7.5 Blockchain & Decentralized Systems - The System Design Interview Handbook

Consensus Mechanisms: PoW, PoS, BFT

Every distributed system needs a way for nodes to agree on the state of the data.

In traditional systems, consensus algorithms like Raft and Paxos operate under the assumption that nodes may fail but do not actively lie or cheat.

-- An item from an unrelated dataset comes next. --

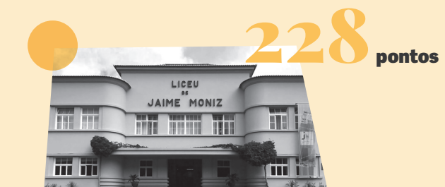
ES de Jaime Moniz (Funchal)

Blockchain operates in a harsher environment: nodes are untrusted, anonymous, and potentially malicious. The consensus mechanism must produce agreement even when some participants are actively trying to deceive the system.

This is the Byzantine Generals Problem.

Multiple generals need to agree on a battle plan, but some of them are traitors sending false messages.

How do the loyal generals reach agreement despite the traitors?

Blockchain consensus mechanisms are different answers to this question.

Proof of Work (PoW)

Proof of Work requires participants (called miners) to solve a computationally difficult puzzle before they can add a new block to the chain.

The puzzle involves finding a number (a nonce) that, when combined with the block's data and hashed, produces a hash below a target threshold.

Finding this nonce requires brute-force computation: trying billions of random values until one works.

The first miner to solve the puzzle broadcasts the block to the network.

Other nodes verify the solution (verification is trivial, just one hash computation) and accept the block.

The winning miner receives a reward (newly minted cryptocurrency plus transaction fees).

PoW's security comes from its economic cost.

Attacking the network (rewriting history, double-spending) requires controlling more than 50% of the total computational power, which is prohibitively expensive for established networks.

Bitcoin's PoW network consumes more electricity than many countries, making a 51% attack astronomically expensive.

The trade-off is energy consumption and speed.

PoW is deliberately slow (Bitcoin produces one block roughly every 10 minutes) and consumes enormous amounts of electricity because the computational work has no purpose beyond securing the network.

The work itself is pure waste, by design.

Proof of Stake (PoS)

Proof of Stake replaces computational work with economic stake.

Instead of competing to solve puzzles, participants (called validators) lock up cryptocurrency as collateral.

The protocol selects a validator to propose the next block, typically with probability proportional to their stake (more stake means higher chance of being selected).

Other validators attest to the block's validity.

If a validator proposes a fraudulent block or behaves maliciously, their staked funds are partially or fully destroyed (slashed). This economic penalty replaces PoW's energy cost as the security mechanism.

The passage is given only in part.